For example, consider a hospital that schedules fixed numbers of patients for surgery on each of the 7 days of the week, say $x_{1}, x_{2}, \dots x_{7},$ and where all patients have lengths of stay sampled from the same distribution, i.e., ${l_{0}, l_{1}, l_{2}, \dots .},$ where $l_{i} = prob (sta y = i days),$ $l_{0}$ includes the probability that a patient does not attend, and ${L'}_{i} = prob (stay \geq i days) .$ Then applying result 2.1.4(i) for the special case of deterministic arrivals, there is only one type of patient (i.e., R = 1), so if we are interested in the demand for beds on the following Monday from a week’s worth of scheduled patients: $N_{s} (t) = \sum_{r = 1}^{1} \sum_{j = 1}^{7} N_{s} (r, j, t)$ where $N_{s} (1, j, t) \sim Bin (x_{j}, θ_{1, j})$ and $θ_{1, j} = p_{s} (1, j, 8) = prob [(service time of patient) \geq (8 - j)] = {L'}_{8 - j}$

Hence, $N_{s} (t)$ is the sum of seven independent binomial distributions. Therefore, its distribution can be obtained by convolution of the seven separate binomial distributions if required, and its mean and variance are simply: $E [N_{s} (t)] = \sum_{j = 1}^{7} x_{j} {L'}_{8 - j}$ $Var [N_{s} (t)] = \sum_{j = 1}^{7} x_{j} {L^{'}}_{8 - j} (1 - {L^{'}}_{8 - j})$

Clearly result 2.1.4(i) could also cope in a very similar way with the more involved case where there is more than one type of scheduled patient (i.e., R > 1) and/or lengths of stay are dependent on the day of admission.
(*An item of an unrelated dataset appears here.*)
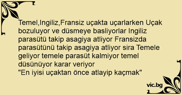 Temel,Ingiliz,Fransiz uçakta uçarlarken Uçak bozuluyor ve düsmeye basliyorlar Ingiliz parasütü takip asagiya atliyor Fransizda parasütünü takip asagiya atliyor sira Temele geliyor temele parasüt kalmiyor temel düsünüyor karar veriyor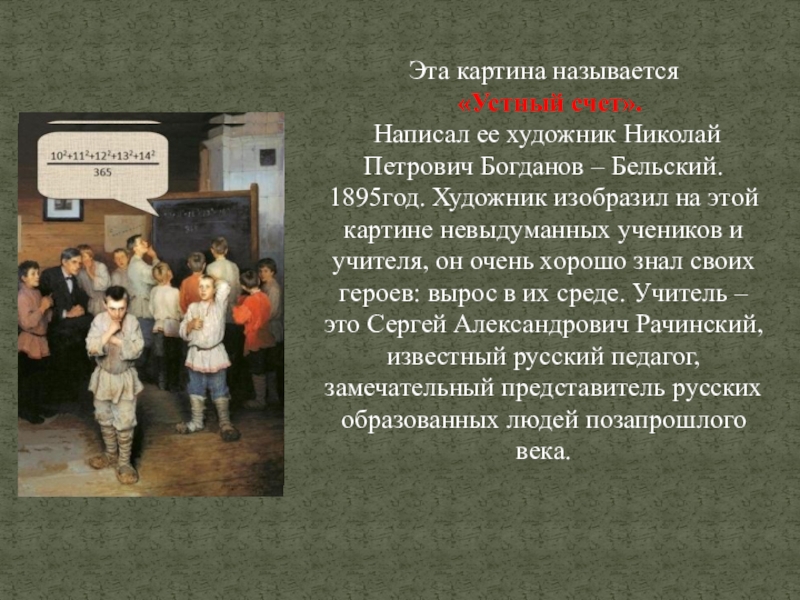 Петрович Богданов – Бельский. 1895год. Художник изобразил на этой картине невыдуманных учеников и учителя, он очень хорошо знал своих героев: вырос в их среде. Учитель – это Сергей Александрович Рачинский, известный русский педагог, замечательный представитель русских образованных людей позапрошлого века.

Similarly, result 2.1.4(i) can also be used to cope with predicting bed demand for situations where schedules are more stochastic in nature, and the discrete time or continuous time versions of results 2.1.4(ii) and (iii) can be used to model demands generated respectively by non-elective admissions to hospital and by combinations of elective and non-elective admissions.
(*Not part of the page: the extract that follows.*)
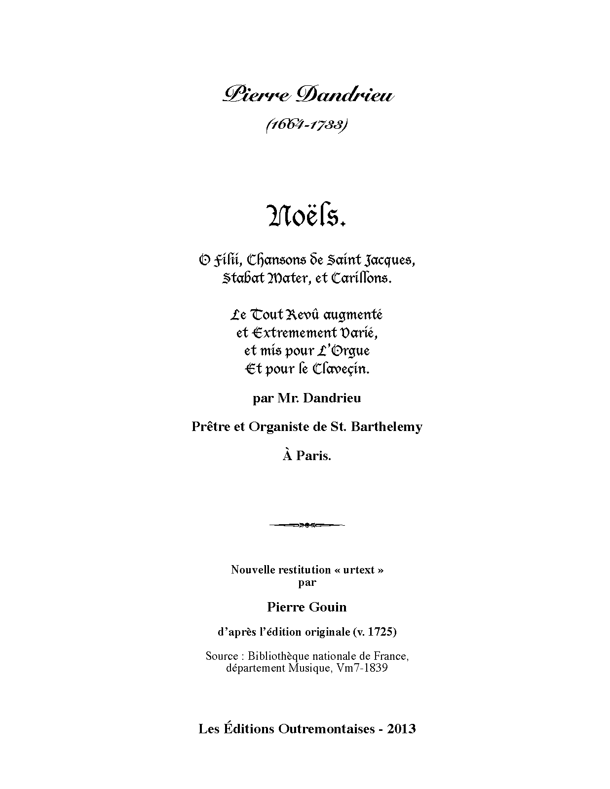 - NOELS. O Filii, Chansons de Saint Jacques, Stabat Mater, et Carillons. Le Tout Revû, augmenté et Extremement Varié, et mis pour L’Orgue Et pour le Claveçin Par Mr. Dandrieu (original)</span>

Whilst real hospital behaviour is of course in continuous time, the daily routine of much hospital inpatient activity and the purposes for which the models are designed means that inpatient care has mainly been modelled in discrete time, with the choice of time-step dependent on the decisions to be made and the scale of any time effects. So, for example, Bagust et al. (Citation1999) and Helm and van Oyen (Citation2014) use daily time-steps when modelling inpatient bed requirements across a hospital, whereas Isken et al. (Citation2011) suggest using 2- or 4-h discrete time steps for modelling an obstetrics department. An exception is Tan, Tan, and Lau (Citation2013) who model an Emergency Department in continuous time by assuming exponential service times and use differential equations.
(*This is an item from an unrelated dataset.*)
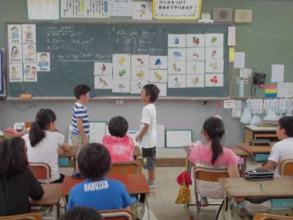 4年生になってスタートした外国語活動の時間。最初は戸惑っている人が多かったですが毎週のEnglish Dayや外国語活動の学習のおかげで楽しくみんなで協力し合って学習にトライしています。

The infinite-server approach can be applied to any single-node system formulated in discrete time via results 2.1.4(i) to (iii) respectively for the cases where numbers of arrivals of patient types having general distributions, Poisson distributions, and some of each. Furthermore, in purely algorithmic terms, an algorithm for 2.1.4(iii) will naturally include algorithms for 2.1.4(i) and 2.1.4(ii). Hence, to aid the implementation of the consolidated infinite-server approach, we next provide some pseudocode for 2.1.4(iii).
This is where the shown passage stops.